Hello Dave,
I have tried the same scenario with the 4.5 kernel from about a week ago,
latest commit being [1].
The same crash is happening, stack trace being [2].
I am not proficient with xfstests, unfortunately. I tried running them
several times, but I am not sure I was doing that properly.

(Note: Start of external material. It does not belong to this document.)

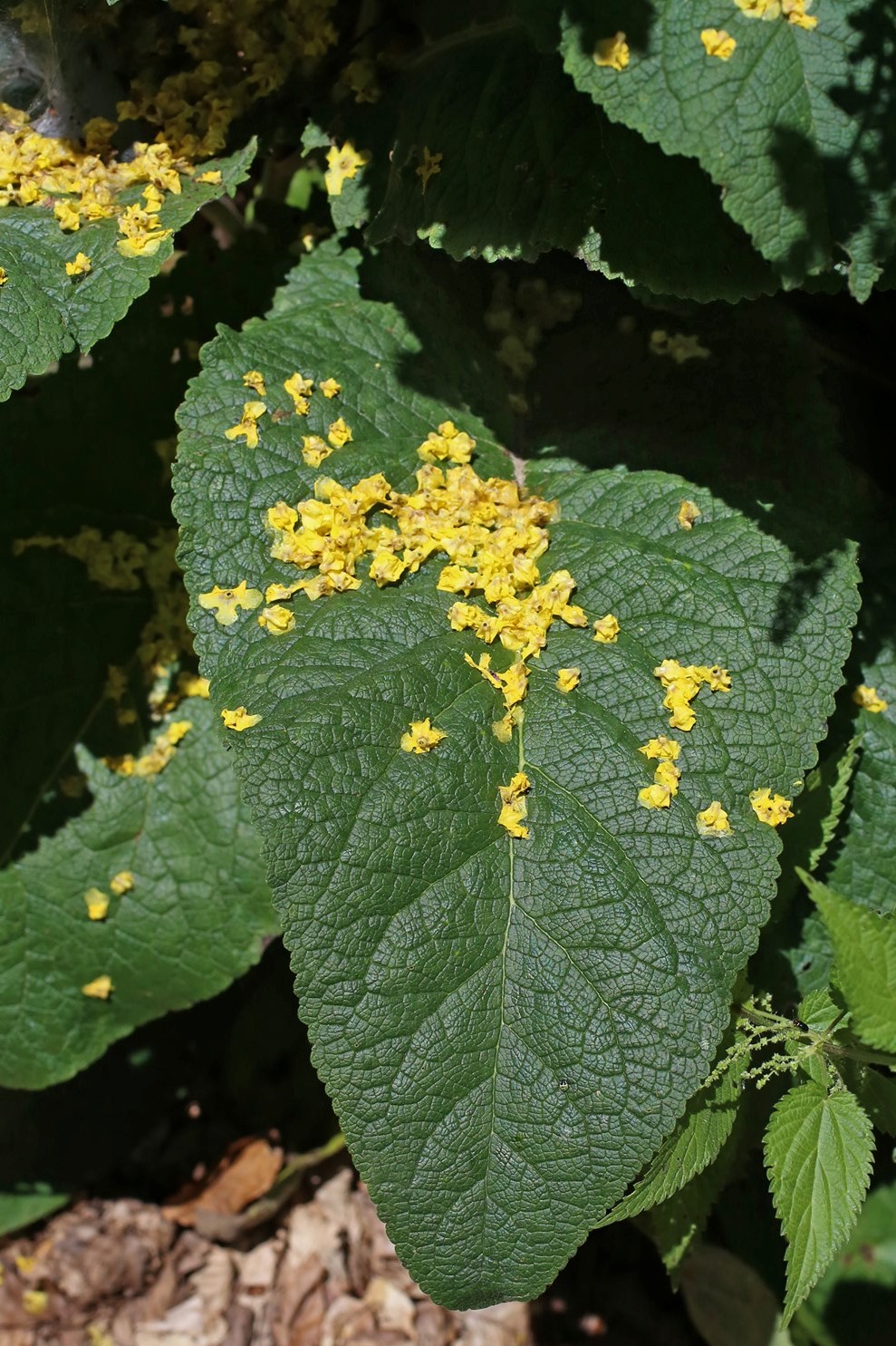 Blätter breit elliptisch, am Grund herzförmig, am Rand stumpf gesägt oder gezähnt
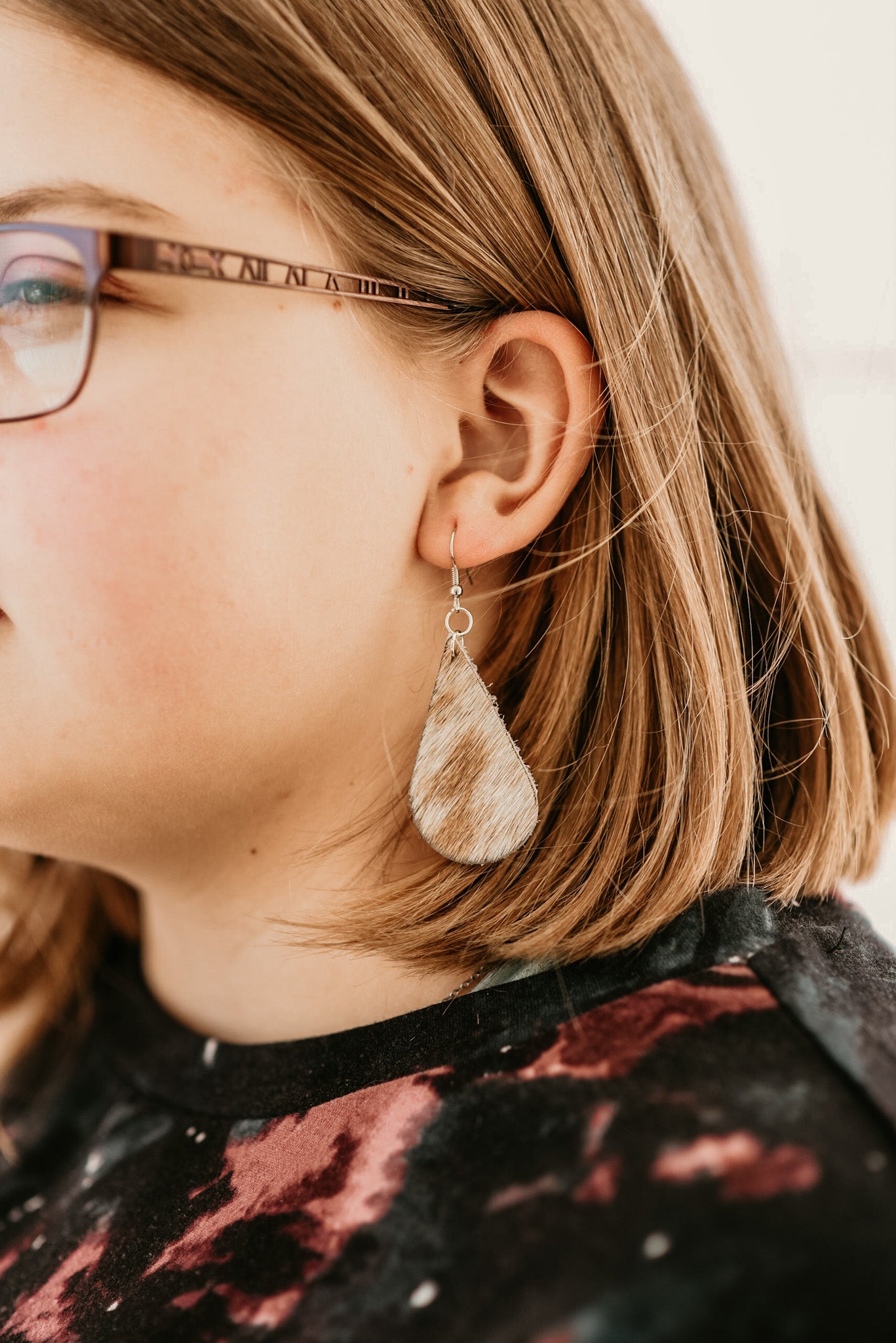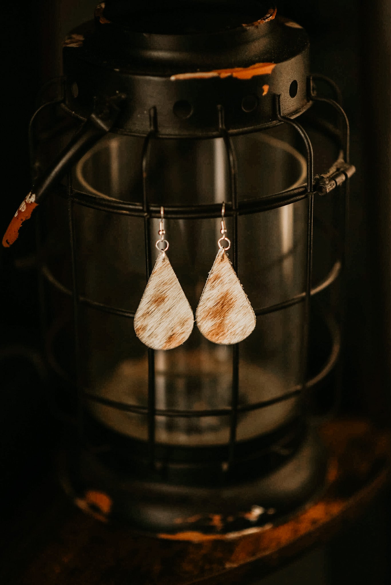 Dangle teardrop shape earrings made of brown and white speckled hair on cowhide.The hide is 2” long and a little over 1” wide at the widest part.

As for your question why the "block beyond end of the filesystem fails". I
tried to debug it further and added a print into _xfs_buf_find. What happens
is that at some point, the sb_dblocks value is updated to the new value, but
the in-memory pag object is not created. So the test:
eofs = XFS_FSB_TO_BB(btp->bt_mount, btp->bt_mount->m_sb.sb_dblocks);
if (blkno < 0 || blkno >= eofs) {
...
still holds, but the needed pag does not exist.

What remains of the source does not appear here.